*Exercise details*:
Within the entries below, please retype exactly the lines starting with the line that has "お楽しみ宝さがし。当たりを目指してザップ〜ン!" and going on through the line that has "Yöresel Van kahvaltısı", but not the pictures.
====
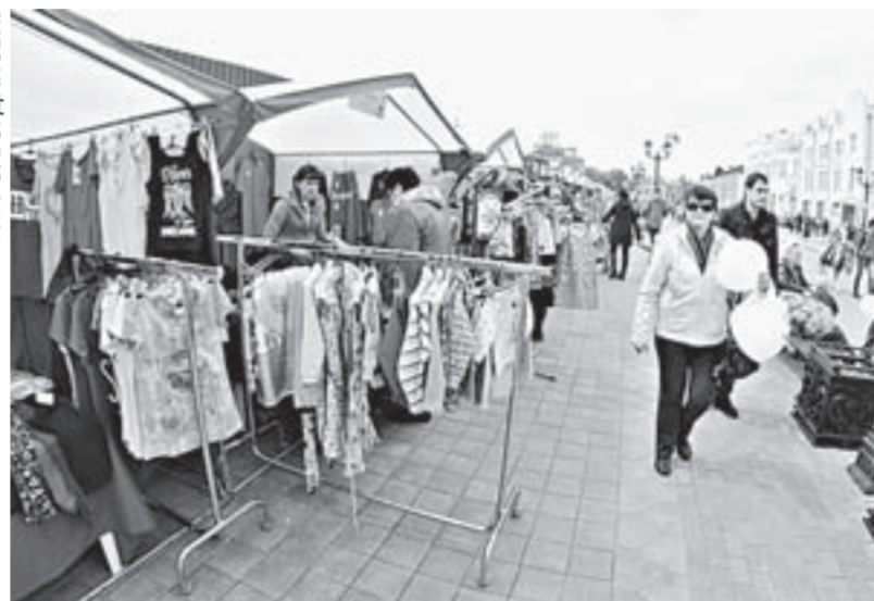
На всяк взгляд, на любой вкус.

Правда, порой и сама продажа-покупка товара превращалась в занимательное мероприятие. К примеру, специалисты ООО «Барно», ТМ «Алтайский пряник» предлагали при покупке пряника разрисовать его разноцветной глазурью, а ООО «Мельник» организовало для маленьких
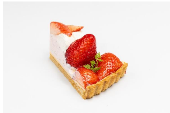
『スカイベリー』(左:1ホール、右:1ピース)

オープンを記念して、スカイベリーをふんだんに使用したタルト『スカイベリー』をエキュート秋葉原店限定で販売いたします。「大きさ、美しさ、美味しさのすべてが大空に届くようないちご」という意味が込められたスカイベリーをふんだんに使用しており、自家製いちごクリームと、スカイベリーの上品な香り、甘みが相性抜群です。果物を知り尽くした当社だからこそお届けできる、極上のフルーツタルトをお楽しみいただけます。
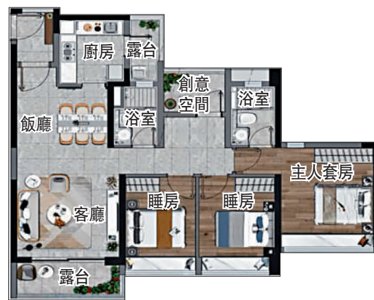
▲新世界星輝111平方米四房兩廳戶型圖。
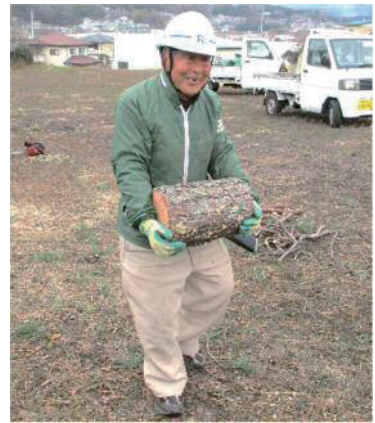
シルバーで働く様子

町ですれ違って同じ会員同士だと気が付かない時があり常々寂しく感じていたが、今年会員交流の
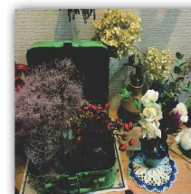
リンドラガーデン ドライフラワー、スワッグ リース、花材
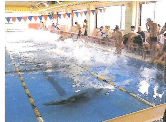
お楽しみ宝さがし。当たりを目指してザップ〜ン!
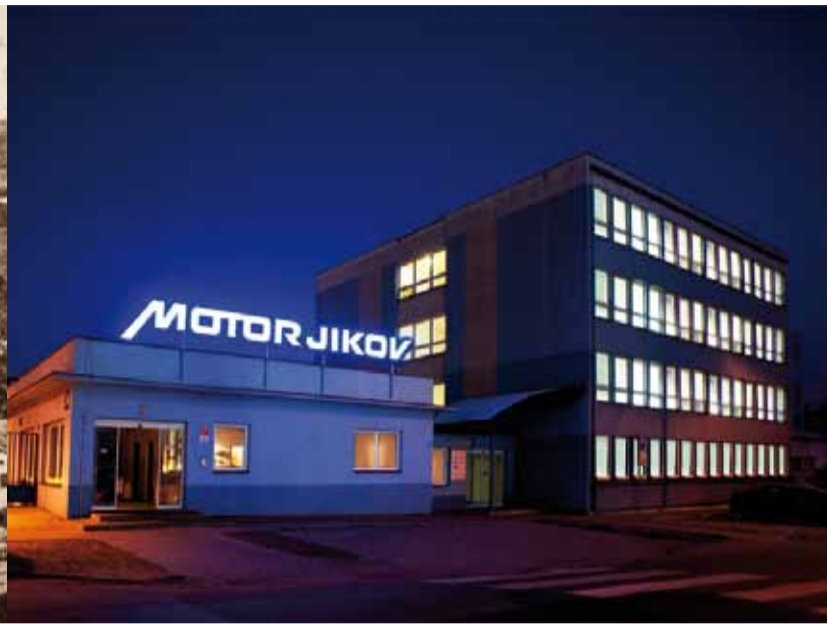
Sídlo společnosti MOTOR JIKOV Group a.s.
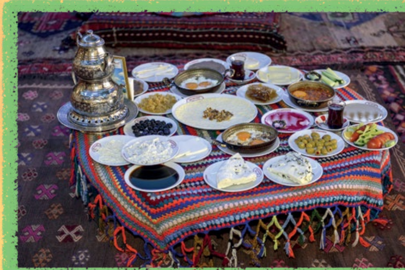
Yöresel Van kahvaltısı

Van, kahvaltılarıyla olduğu kadar yöresel yemekleriyle de ünlü. Hayvancılığın yaygın olması nedeniyle tereyağı, yoğurt ve özellikle dağlardan toplanan otlarla yapılan Van otlu peyniri, Van kahvaltılarının vazgeçilmezleri. İnci kefaliyle yapılan balık bostaniye, tandır balığı, tuzlu balık gibi pek çok yemek de bu kente özel. İlbaharda dağlardan toplanan çiriş adındaki bir bitki ve yumurtayla yapılan çiriş mihlası; kavrulmuş ve dövülmüş buğdayın dut kuruşu, elma kuruşu gibi yemişlerle karıştırılmasıyla yapılan bir tür tatlı olan kavut; yeşil mercimek ve etle yapılan bir yemek olan sengeser lezzetli yöresel yemeklerin yalnızca birkaçı.
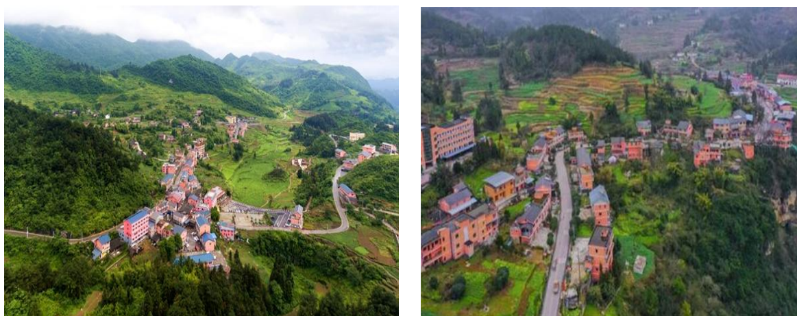
图 15 龙泉村鸟瞰图
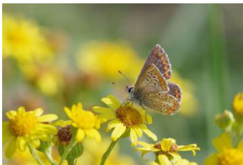
1 - Bruin Blauwtje
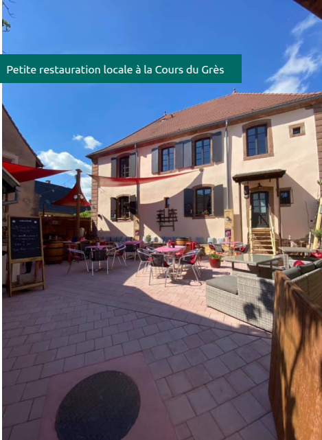
Petite restauration locale à la Cours du Grès
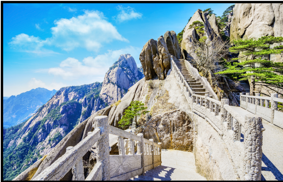
Slika 9.: Turistička infrastruktura u planinama

Ulaganjem u turističku infrastrukturu, te u promociju planinskih područja razvijen je turizam, koji je utjecao na porast životnog standarda lokalnog stanovništva. Unatoč mnogobrojnim problemima, u praksi je ipak moguće riješiti probleme nedostupnosti, i nerazvijenosti turizma, te na takav način pridonijeti lokalnom stanovništvu u smanjenju siromaštva. Destinacijski nedostaci ponekad se mogu iskoristiti kao prednost, pri čemu se, primjerice topografske različitosti, klima, bioraznolikost i kultura lokalnog stanovništva formiraju kao faktori privlačenja turista u destinaciju.
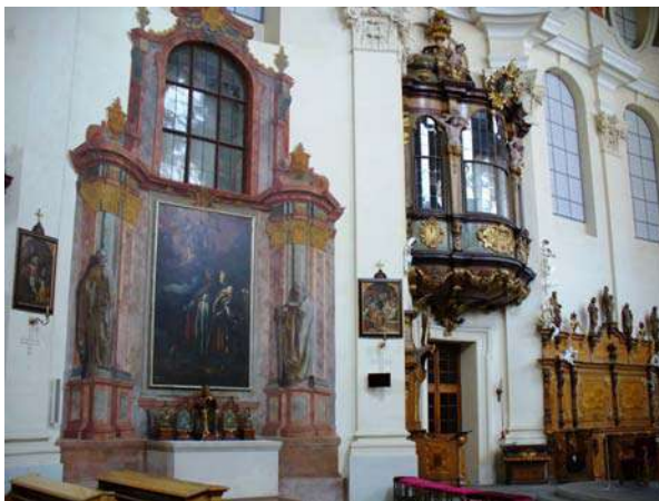
Altaria sancti Adalberti

Prima deinde altaria parieti ad septentriones vergenti imposita divoque Venceslao, patrono ac perpetuo Bohemiae principi, dicata ornantur pictura, in qua caedes eius, quam antiquis iam temporibus Christianus qui dicitur enarravit, depicta est. Boleslaus enim, frater Venceslai minor natu, saeculo decimo ineunte principatum assequi cupiens presbytero
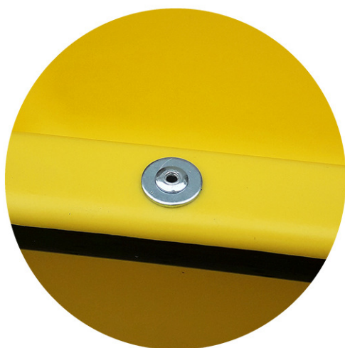
mocowanie na nierdzewne nity
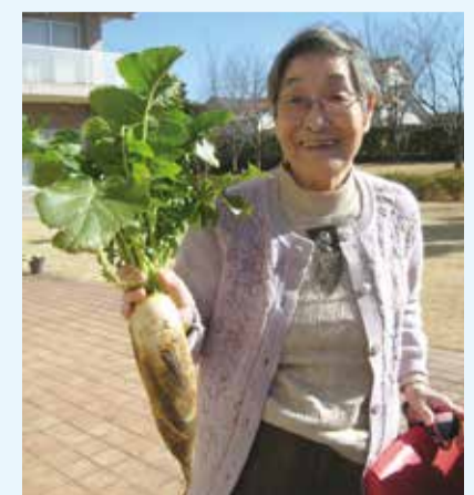
立派な大根に育ったわね!
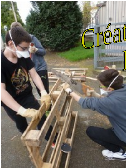
Création de meubles En palettes
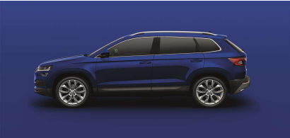
Azul Energy (K4K4)
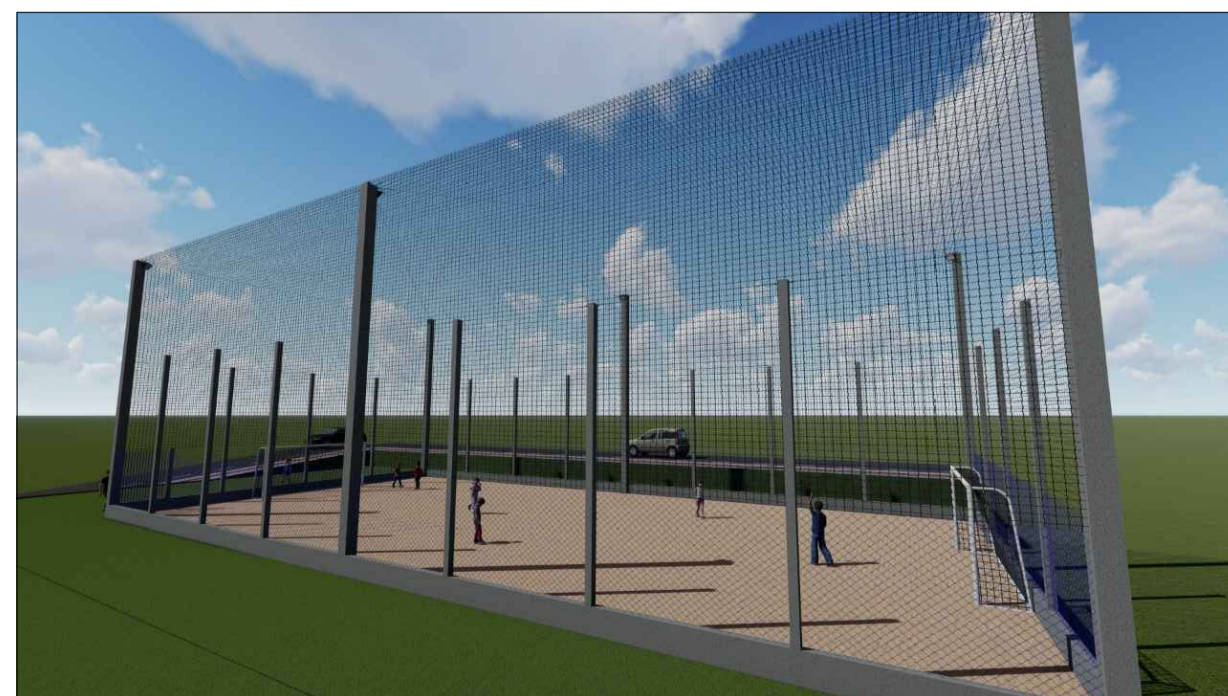
IMAGEM MAQUETE ELETRÔNICA
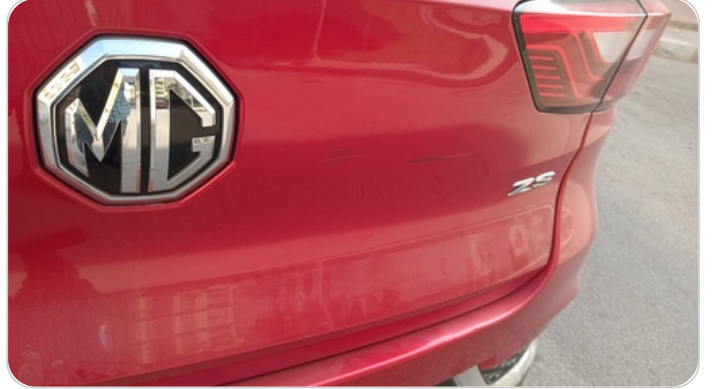
باب الشنطة : فبريكة (خرابيش)
====
*Response box*:
お楽しみ宝さがし。当たりを目指してザップ〜ン!
Sídlo společnosti MOTOR JIKOV Group a.s.
Yöresel Van kahvaltısı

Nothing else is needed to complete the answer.